Mesurant les difficultés qui l'attendent, il comprend qu'il ne pourra atteindre seul le but de son expédition, et décide de joindre San Francisco où le conduiront les pistes des caravanes, afin de rendre compte de sa mission.

S'étant endormi solitaire dans la pampa, il se réveille le 10 avril 1848 (il a noté la date) au milieu de 4 000 Indiens Apaches.

Le chef est devant lui et le voyant prêt à se défendre désespérément avec ses deux : pistolet, lui tend la main en lui disant « Amigo ». Toute la troupe l'entoure avec des manifestations d'amitié mais il est, en un clin d'œil, désarmé et dépouillé de tous ses vêtements. Furieux de cette traîtrise, il se couche à terre, ne voulant plus se relever. Un Indien qui s'approche pour l'inciter à se mettre debout, est empoigné par lui avec tant de force qu'il reste étendu au sol.

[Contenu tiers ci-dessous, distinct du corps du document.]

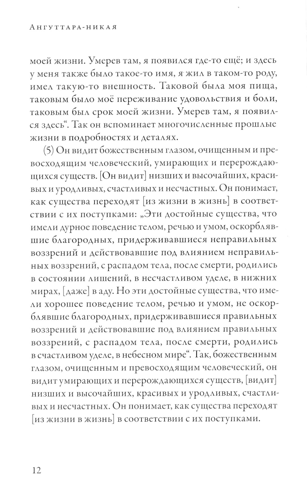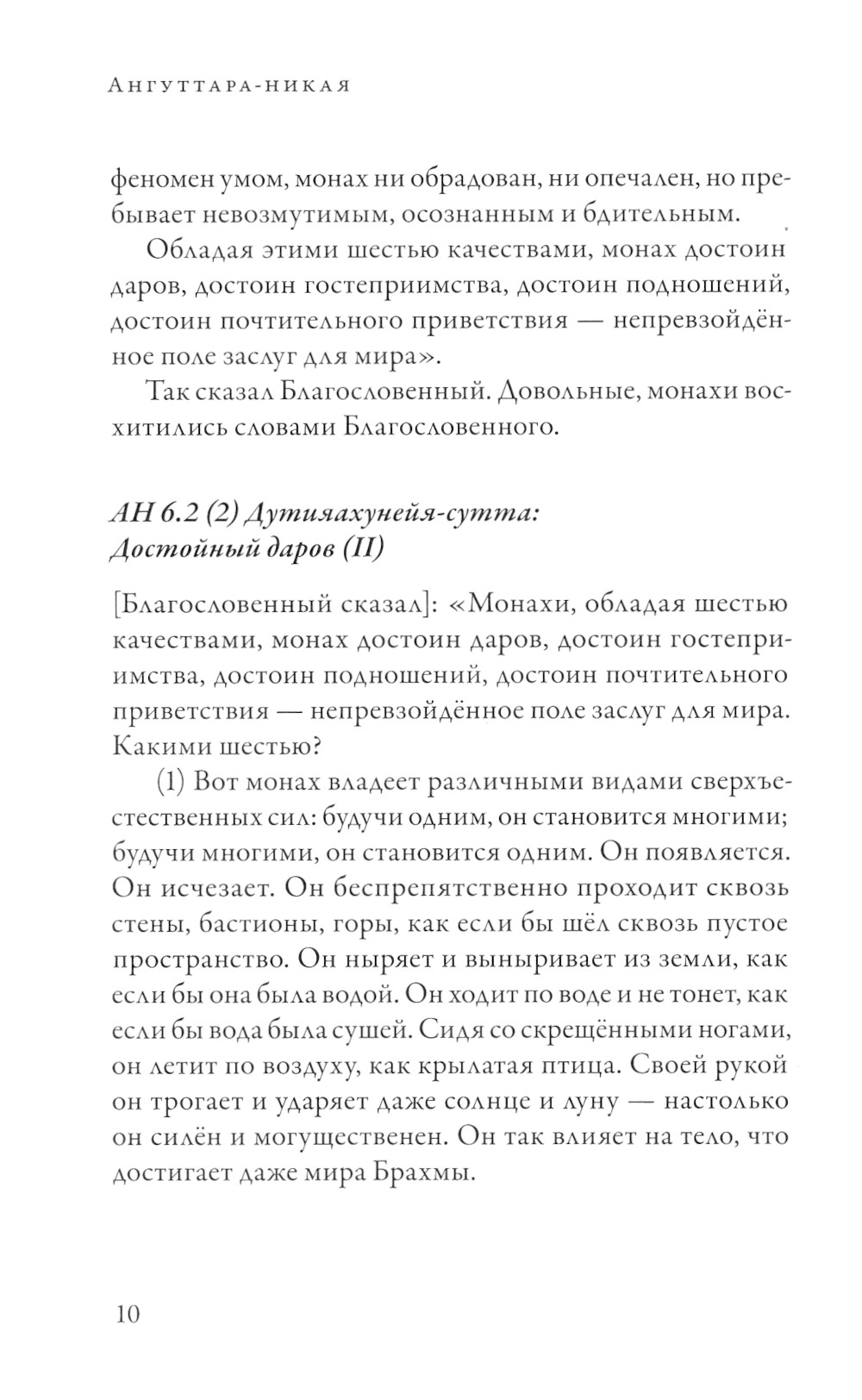 Ангуттара-никая, или «Номерные наставления Будды», - это четвёртое из четырёх больших собраний Сутта-питаки Палийского канона. Она состоит из 11 нипат, или книг, которые в общей сложности содержат почти десять тысяч коротких сутт. Большая часть из них, однако, является повторами с незначительными изменениями, поэтому уникальных текстов насчитывается порядка четырёх тысяч. В основе Ангуттара-никаи лежит номерная схема, в которой сутты, содержащие определённое количество рассматриваемых пунктов, включены в соответствующую этому числу книгу. Это способствовало более лёгкому запоминанию и освоению материала в древние века, когда письменность только начинала зарождаться, а все учения передавались в устной форме. В данном издании АН разделена на четыре тома. Третий том содержит Книгу Шести, Книгу Семи и Книгу Восьми. Тематика сутт охватывает самые разные аспекты буддийского учения.| Издательство | Изд. Ганга |

Le chef le fait saisir, attacher à un arbre, les bras en croix, et une volée de flèches vient se planter au contour de son corps. Voyant qu'il n'a pas bronché, bien que blessé au front, les Indiens jugent que l'épreuve a démontré son courage, ils lui rendent son cheval, ses armes, et l'obligent à les suivre pour l'Ougamiss où campe la tribu.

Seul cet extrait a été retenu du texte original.